Was Ferrari justified in getting a green light from FIA? Red Bull not convinced
- GPblog.com
After the Imola Grand Prix, Ferrari completed a tyre test for Pirelli, but competitors of the Italian formation suspected that the team tested a new specification of the floor against the rules. The FIA investigated the matter and eventually ruled that team of Mattia Binotto was innocent. Christian Horner has his doubts about it.
In the morning Charles Leclerc was in action and after the afternoon break it was Carlos Sainz who stepped in. Photos clearly showed that a different floor was being used at that time.
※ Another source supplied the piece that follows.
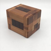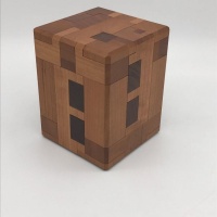 Constructed of choice walnut and carolina cherry, the tolerances on this puzzle are excellent. Operation is smooth and crisp with little or no slop at normal humidity. Even though I applied the lessons learned while making the Binary Burr, crafting this design took all my abilities, and I am very pleased with how it turned out. I do not anticipate making this design again anytime in the future, since it took me over a month!!

The leader in the Constructors' Championship would have broken the rules with that, but in the end that turned out not to be the case as the floor Sainz was driving with would have been an older instead of newer specification.
Horner not quite sure
In conversation with Marca Horner doubts that: "My understanding is that the rules for tire testing mean that you have to drive with a fixed specification of the car and that, if you have to replace a part, it can only be an older specification that has been tested before. I feel that Ferrari floor was definitely different between the morning and the afternoon, it seemed to have some new components."
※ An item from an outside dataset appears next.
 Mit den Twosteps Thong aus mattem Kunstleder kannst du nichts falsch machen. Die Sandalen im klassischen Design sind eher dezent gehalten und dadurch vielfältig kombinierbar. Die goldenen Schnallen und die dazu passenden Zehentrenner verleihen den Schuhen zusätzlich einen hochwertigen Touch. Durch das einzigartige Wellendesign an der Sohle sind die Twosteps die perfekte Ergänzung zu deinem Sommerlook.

The Red Bull Racing team boss argues that the FIA faces a big job in continuing to do this 'police work' in the coming year. There are more tire tests to come and Horner feels it is quite fraudulent. This is because the extra kilometers that are made can also provide a lot of new data from the car.
Request to FIA
"What we want to avoid is that, because these cars are so immature and are still at a very early stage of their development, the testing of the tires doesn't turn into the testing of the aerodynamics or the performance development. That is not the purpose of these tests," Horner told the Spanish medium.